I think it should be possible with minimal changes.


So, here is my attempt to implement it:
http://danger.rulez.sk/powerd.diff
Can you please review & comment? I should be able to commit it mysqlf if
you consider it acceptable. It seems to work for me :)


Looks fine, except that -f option have to be the first, that is not 
obvious. Another moment -- I've noticed some load constants hardcoded 
there. They should also be handled to make higher values to work properly.



Any idea what I should look for in the BIOS?


Something about C-states, or Cx-states on the CPU page. But first
look at dev.cpu.X.cx_supported to make sure it is not already present
and just unused.


Seems like it was enabled by default. I have like these:
dev.cpu.0.cx_supported: C1/3 C2/96 C3/128

Does that mean I only need to set these in rc.conf?:
performance_cx_lowest="C3"
economy_cx_lowest="C3"

Then run /etc/rc.d/power_profile 0x00?


It short - yes. In long - read the link I've given.


May it cause any instability?


It you won't switch from LAPIC to other timer and it stop - your system 
will freeze, or at least not work well. You should notice problems 
immediately, if there are.



This is 8-STABLE, any idea whether there's a MFC plan for the extra
9-CURRENT bonuses?


I suppose around May.


Do you have some patches? If not you don't really need to make them just
for me, I can wait a little.


Last ones I've generated are five months old:
http://people.freebsd.org/~mav/timers_merge/
They are large and I am not sure how good they apply now.


You may want to look here:
http://wiki.freebsd.org/TuningPowerConsumption


From reading this, are you reffering above to the C2 states? (seems
like C3 is not optimal for this kind of operation...)

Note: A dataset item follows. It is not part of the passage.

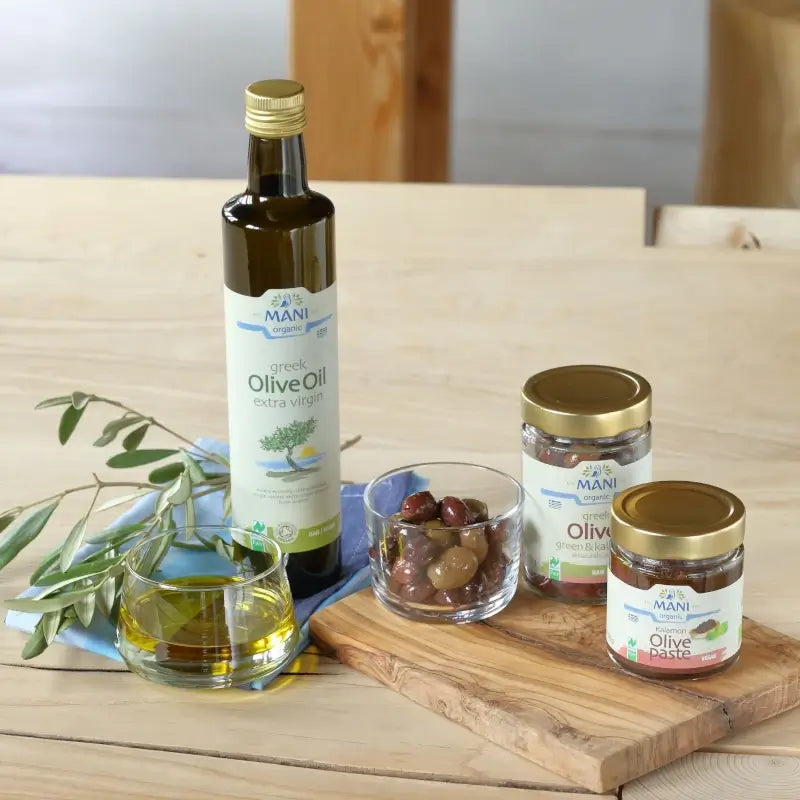 Mani Organic produces award-winning organic Greek olives and olive oil sourced from traditional farms in the Mani region of southern Greece.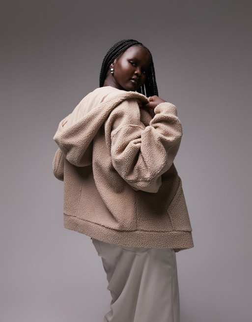 Topshop borg zip through cropped fleece hoodie in neutral Very well made.

The deeper state, the more power saved. To get most of it and to get
TurboBoost working you need at least C3 CPU state (ACPI may report it
with different number). Some latest Intel CPUs have no described
problems with C3 and LAPIC, for others described system tuning
requited.


I believe this is pretty recent CPU (6 core Xeon X5650). Do you know
about any problems?


I have no idea about these Xeons. I know just that LAPIC of the my Core 
i5 works fine in C3, while one of the my Core i7 doesn't.



PS: Using powerd in best case wont hurt performance, while using
C-states may even increase it in some cases because of TurboBoost.


If I want to use C-states, should I stop to use powerd, or is it
possible to use them both together?


I am using both together on my laptop.